OK, let's start with notation.

  • reward - base reward, in your example = 1
  • modifier(i) - modification of reward for ith step, in your example = 0.9^i
  • total(i) - total reward for step i, in your example reward*modifier(i)
  • I - length of your solution, meaning number of steps taken to solve the problem (it will vary with each solution, but that shouldn't be a problem)
  • total(I) - minimal wanted reward

Your problem arises because sequence modifier(i) converges to 0 in infinity.

Use something else. Choose which steps - first or last - have more impact on your solution.

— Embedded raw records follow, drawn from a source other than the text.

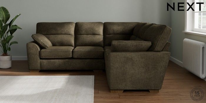 7.2.10 Stamford Highback Medium Corner Sofa - Universal Plush Chenille Moss Green Large Square Angle - Mid | Made Click here to use our website with more accessibility support, for example screen readers
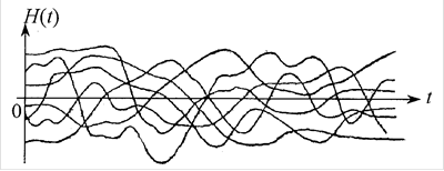 Представим себе теперь, что рассматривается случайная функция  не для одной высоты Н, а для целого диапазона, внутри которого задан какой-то закон распределения высот (например, закон равномерной плотности). Такая случайная функция, оставаясь стационарной, очевидно, уже не будет обладать эргодическим свойством; ее возможные реализации, осуществляющиеся с какими-то вероятностями имеют различный характер (рис. 6.8).
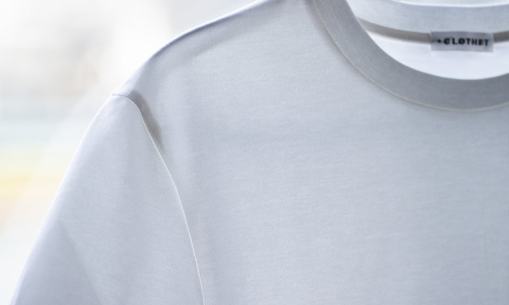 また首元部分のフライス(首元の伸縮性のある編地)もスビンシルクで作成するこだわりよう。
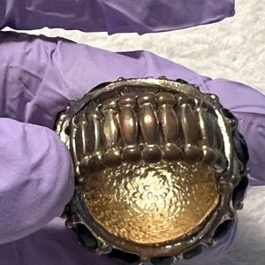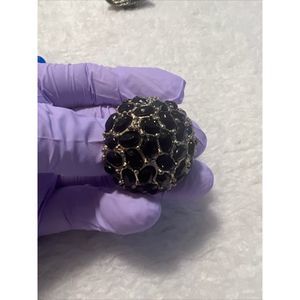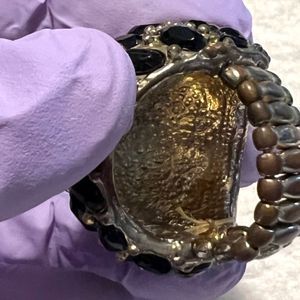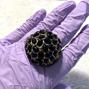 VINTAGE Black Glass Stone Large Dome Shape Gold Tone Stretch Band Statement Ring
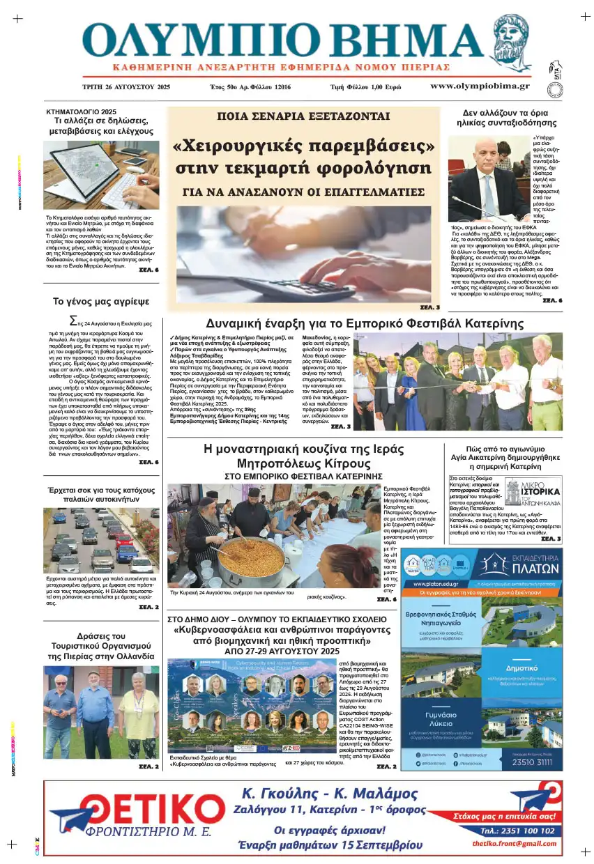 Ολύμπιο Βήμα – Πρωτοσέλιδο για την Τρίτη, 26 Αυγούστου 2025
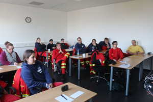 Der Tag begann mit einer Theorieeinheit, in der unter anderem die Aus- und Unterkühlung im medizinischen Bereich angesprochen wurde. Nachdem die Theorie besprrochen war, sollten verschiedenen Katastrophen-Szenarien unter Anleitung der beiden Fachkräfte, welche auch in der DLRG tätig sind, durchgespielt werden. Die Traningshalle bot dabei eine vielfältige Auswahl an Technik, wie zum Beispiel Abdunklung, Windrotoren, Wasserschläuchen, einem Stroboskop, einer Wellenanlage und Lautsprechern, wodurch fast realistische Katastrophensituationen simuliert werden konnnten.
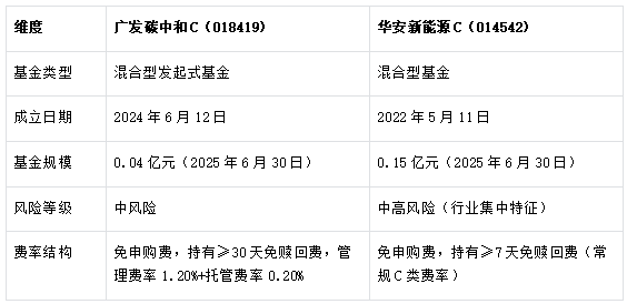 规模风险:广发碳中和C(018419)当前规模较小(0.04亿元),华安新能源C(014542)规模0.15亿元,均属于小规模基金,大额赎回可能引发净值异常波动,需关注后续规模变化。
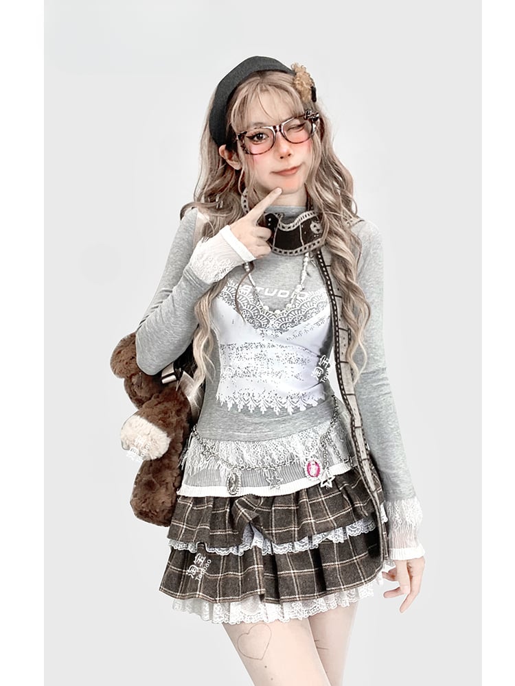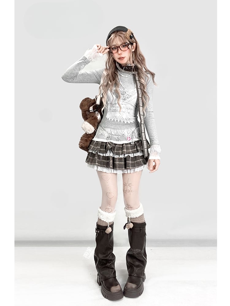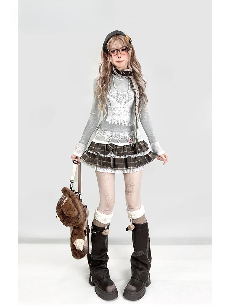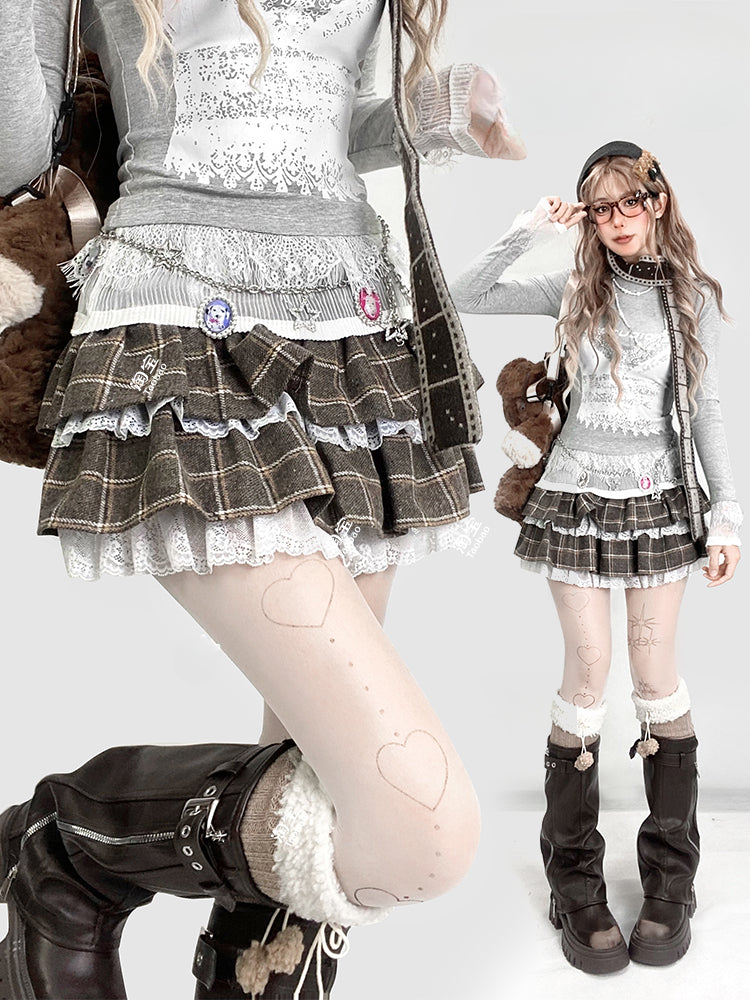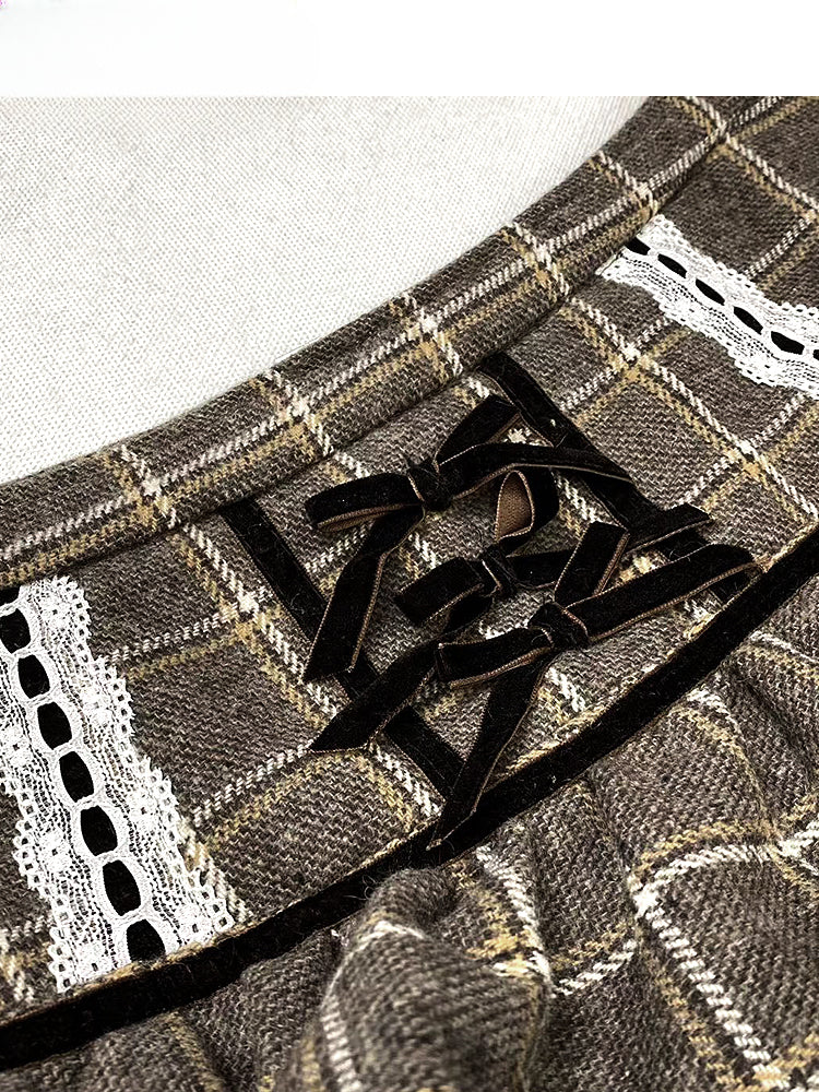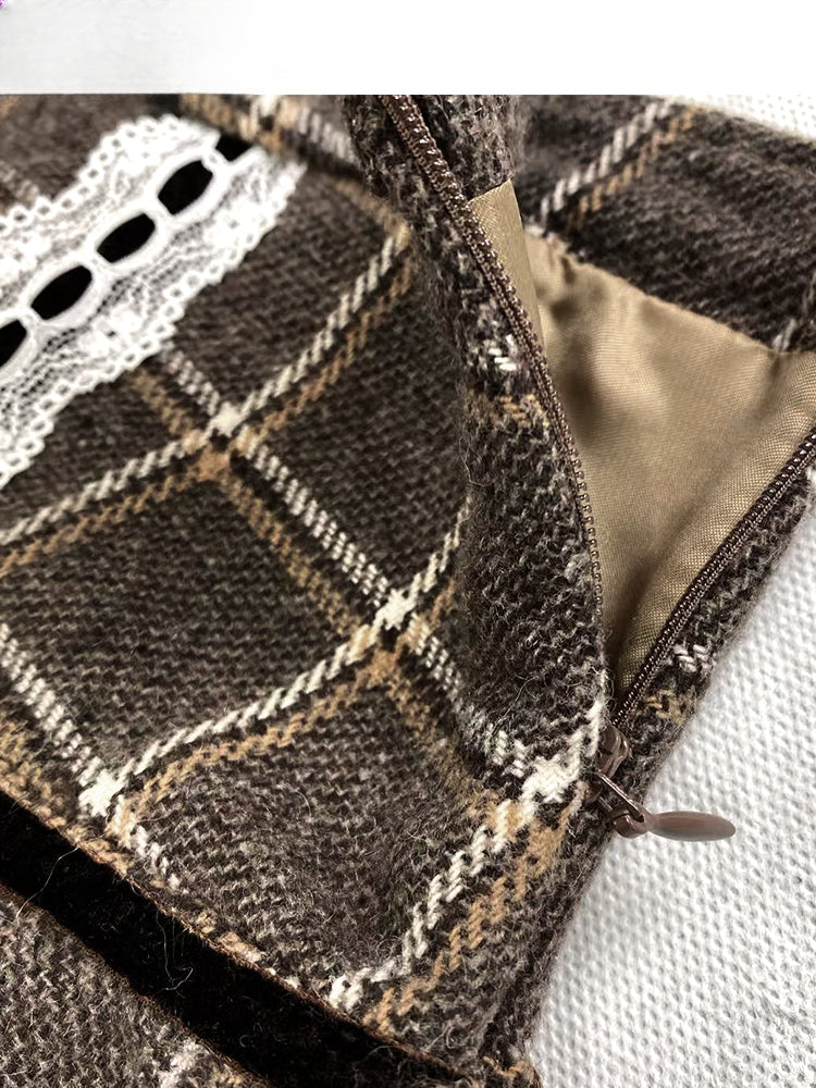 コーヒー色のチェック柄と繊細なレースの裾がチャーミングなアクセントを添える、愛くるしいスカート。ティアードデザインが遊び心を加え、快適な生地はデイリーユースにぴったり。このマストハブスカートで、あなたのキュートさを存分に満喫してください!

If most profit comes from first steps, sequence modifier(i) should be descending, and it should be ascending in other case. Let's assume that first steps are more important. If not, just use modifier(I-i) instead of modifier(i).

If you want total(0)=1 and total(I)=0.5 with geometric progress, then you know that:

reward=1
reward*(q^I)=0.5

where q is scaling factor. Now you calculate it as:

q = 0.5^(-I)

Voila! No matter how long your solution is - each step will have some non-zero impact on learning.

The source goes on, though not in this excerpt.